A Carlos III y a sus hombres de gobierno les tocó desarrollar, entre 1759 y 1788, el más amplio esfuerzo reformador. Fue aquella la Edad de Oro del "absolutismo ilustrado". El mayor mérito que los historiadores de todas las tendencias han reconocido a Carlos III es el de haberse rodeado de ministros activos y bastante eficaces, en quienes depositó su confianza durante largos años y les permitió disponer de los recursos del poder.
La figura humana de Carlos III no es deslumbradora. No se trata de un hombre dotado excepcionalmente ni para la política, ni para el trato humano, ni para la guerra. Aunque valeroso, como lo demostró en la campaña de 1744, no quiso labrarse la aureola de héroe. En conjunto podríamos atribuirle las cualidades de una "aurea mediocritas".

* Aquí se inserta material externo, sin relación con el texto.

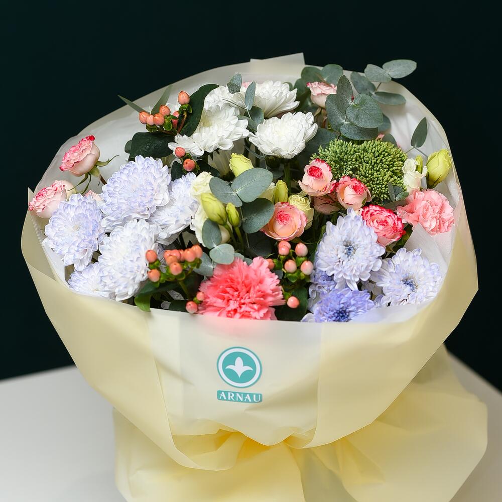 Гиперикум - 3 дана Эвкалипт - 3 дана Бұта раушаны - 3 дана Хризантема - 3 дана Орау - 1 дана Эустома - 2 дана Диантус - 2 дана

Hombre afectivo y bondadoso, de trato afable sin perder el sentido de la majestad, como nos lo describe el conde de Fernán Núñez en esa especie de "memorias" que redactó para conocimiento reservado de sus hijos. En cuanto a sus costumbres y hábitos de vida era metódico y ordenado hasta la exageración. Pues bien, este hombre de vida rutinaria y de inteligencia clara, aunque no brillante, nos ofrece la paradoja de haber sido el eje de la Monarquía reformadora y el sostenedor de los reformadores. Es por excelencia el Rey de los Ilustrados españoles.